Now that is unacceptable because the lives of patients are being put at risk. Some of the patients might be requiring urgent life saving operations and the continued delay in being attended to might lead to unnecessary loss of life. Other patients might be requiring minor operations but the longer they take waiting to be attended might lead their conditions to deteriorate leading to complications.
Water has become a perennial problem in most urban centres in Zimbabwe but contingency measures should be put in place to ensure that it is always available especially for essential services such as hospitals. A worrying trend is developing in Zimbabwe where abnormal things are now being regarded as normal just because it is happening countrywide.
Responsible authorities must be taken to task and take corrective measures. We honestly cannot have patients, some who travel from as far away places as Mutare, Beitbridge, Masvingo and Nkayi being made to wait for days on end without being attended. Even those patients based in Bulawayo should not be made to wait. Although UBH is exempted from the Bulawayo City Council’s 72-hour water shedding exercise, it is seriously affected when surrounding suburbs do not have water, as the pressure at the hospital would be low.
Patients admitted at the hospital for as long as two months ago are still to be operated because service delivery has been affected at the health institution. Besides water shortages, the hospital also faces a shortage of surgeons. The water problems require both Bulawayo City Council and the Ministry of Health and Child Welfare under which UBH falls to put heads together and come up with a long-term solution to the water woes.
The shortage of surgeons is entirely a Ministry of Health problem that they must deal with. It is the lives of people involved here and what can worry council and health authorities more than preserving life? UBH chief executive officer Mrs Nonhlanhla Ndlovu acknowledges the challenges facing the hospital saying it had a huge number of patients to cater for.

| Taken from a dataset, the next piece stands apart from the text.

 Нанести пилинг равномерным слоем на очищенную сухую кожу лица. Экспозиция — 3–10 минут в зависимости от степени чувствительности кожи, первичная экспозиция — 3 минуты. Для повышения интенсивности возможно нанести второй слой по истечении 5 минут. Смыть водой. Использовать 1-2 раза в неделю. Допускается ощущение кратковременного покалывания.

We are of the opinion that the huge number of patients going to referral centres in Harare and Bulawayo is an indictment on Government to build more referral hospitals in other major centres other than in the capital and the second biggest city. We understand Government does not have money for such huge capital projects but in situations such as the one facing patients at UBH, the State must stretch the last dollar it has to undertake such projects.
Government can even borrow money to build more referral hospitals. While the private sector has chipped in by putting up health facilities, these are usually out of the reach of ordinary people because they cannot afford the fees charged there.

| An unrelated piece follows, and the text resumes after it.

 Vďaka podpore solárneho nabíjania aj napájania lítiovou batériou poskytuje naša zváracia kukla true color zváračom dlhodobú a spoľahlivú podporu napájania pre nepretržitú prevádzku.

We encourage churches to build more hospitals if they can because a good number of mission hospitals offer excellent services and their charges are also reasonable. Zimbabweans can also assist by driving safely and always taking precautionary measures to guard against avoidable accidents, which maim people.
According to UBH chief executive officer Mrs Ndlovu, the waiting list of patients in need of operations is growing because of an influx of patients, especially accident victims. Let us take heed of the safety campaigns by the police to reduce accidents on our roads and ultimately the number of patients requiring operations.